Thermodynamics, Statistical Mechanics and Molecular Simulations

A variety of developments such as faster computers, realistic force-fields and sophisticated algorithms, have spurred the use of statistical mechanics and molecular simulations towards such research. The Supercomputer Education and Research Centre (SERC) at IISc houses the CRAY XC40 which provides a 1 petaflop computing facility serving the entire campus community. In our department, faculty have been using these tools for research in a wide variety of areas.

Atomistic molecular dynamics simulations of the lamellar phase are used to extract structural and mechanical properties which are input into large scale Lattice Boltzmann simulations to unravel the rheology of these complex mesoscale systems and connect macroscopic rheology with molecular constituents. Ayappa and co-workers have used atomistic as well as coarse grained molecular dynamics simulations to study the interaction of pore forming toxins with lipid bilayers. Micro-second long atomistic simulations of systems with over half a million atoms have been used to reveal interactions of proteins with membrane cholesterol, stability of partially formed oligomers, dynamics of lipid molecules and mechanical properties of membranes.

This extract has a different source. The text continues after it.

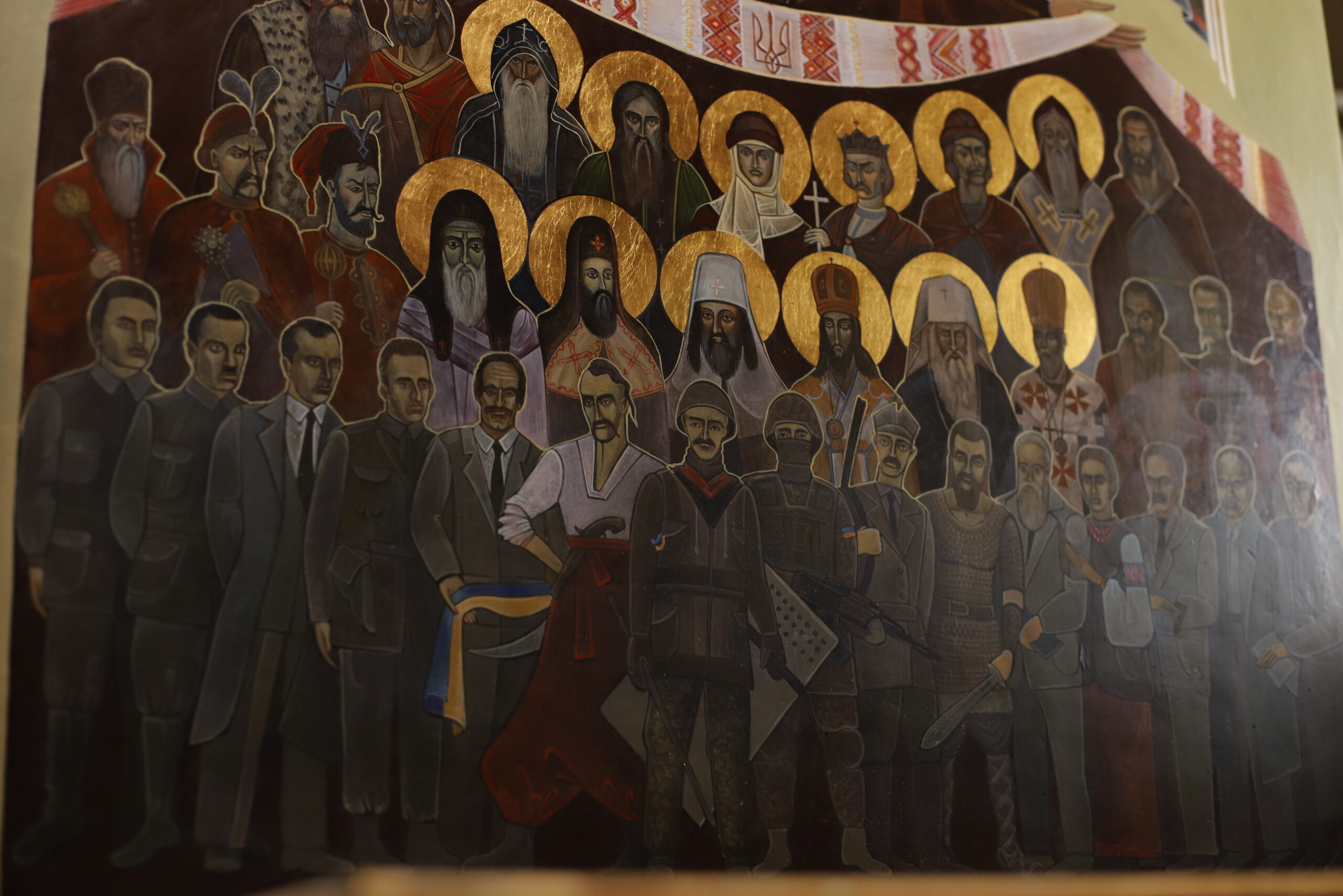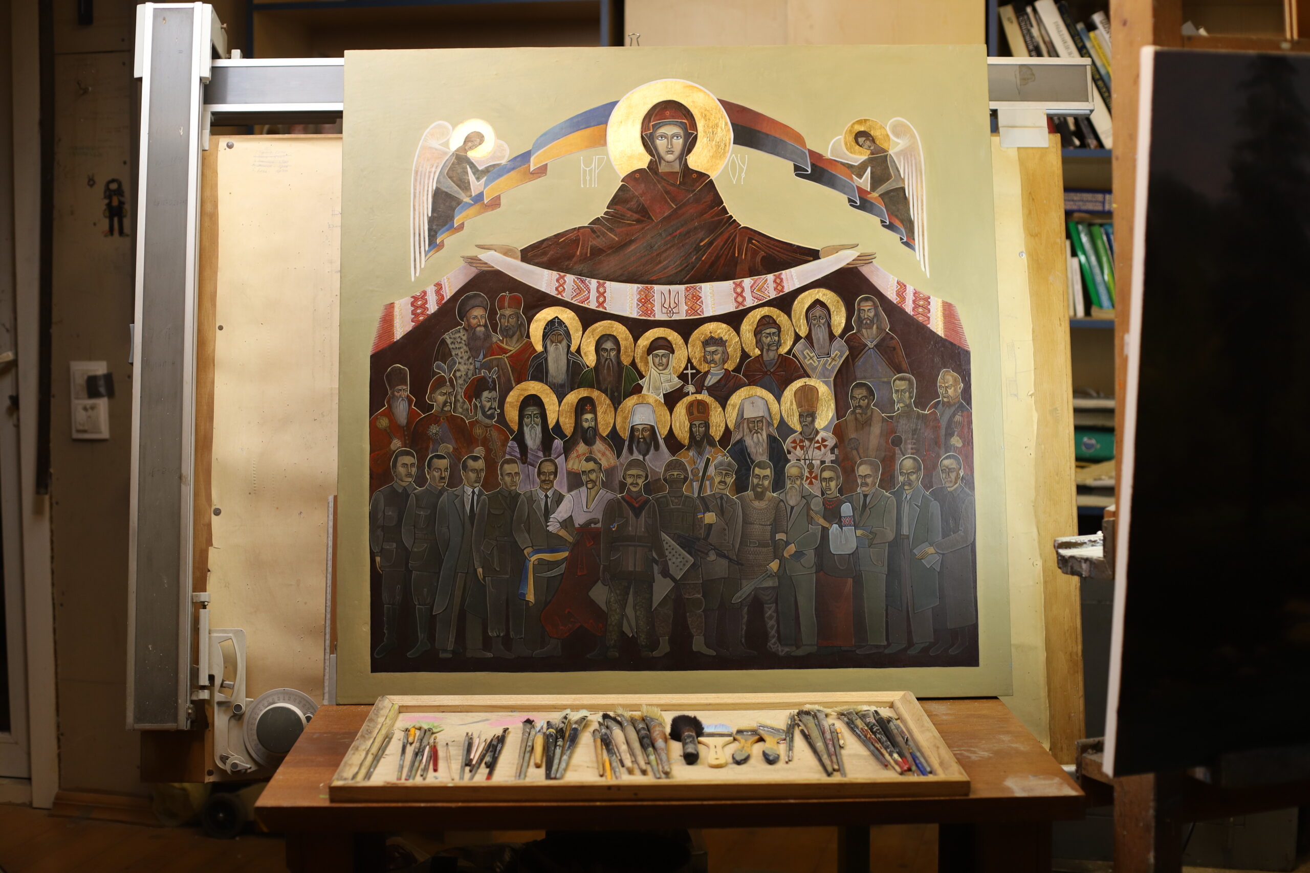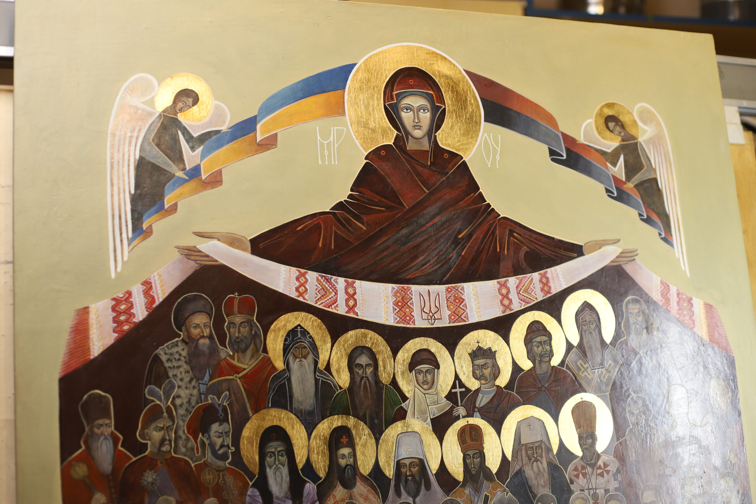 Кожен, хто пожертвує на теплі речі для наших військових від 100 гривень, зможе взяти участь у розіграші особливих лотів. Одним з них є ікона Покров Пресвятої Богородиці. Під омофором Матері Божої у три ряди зображені визначні постаті української історії – Леся Українка, Михайло Грушевський, Степан Бандера тощо.

Punnathanam and Ayappa Labs have examined the role of organic functional groups in microporous carbons towards enhancing (i) adsorption of methane for gas storage and (ii) adsorption selectivity of carbon-dioxide from flue gases for carbon-capture and sequestration applications. Punnathanam and co-workers have performed extensive simulations of gas hydrates and have developed an improved and thermodynamically consistent theory for clathrate hydrates. Crystal nucleation is a complex phenomena which is very hard to probe experimentally. The Punnathanam group have studied crystal nucleation in hard sphere mixtures and elucidated the non-classical mechanism involved during phase transformation from a fluid phase to a crystalline phase. The Punnathanam group have also developed new simulation techniques for (i) simulation of electric double layer capacitors and (ii) calculation of free-energies of crystalline molecular solids. Understanding phenomena at the molecular scale allows one to tailor products using a bottom-up approach. Multiscale modelling strategies which bridge molecular level information with continuum transport models to study rheology of complex fluids that are ubiquitous in the beauty care industry are being pursued in the Kumaran laboratory.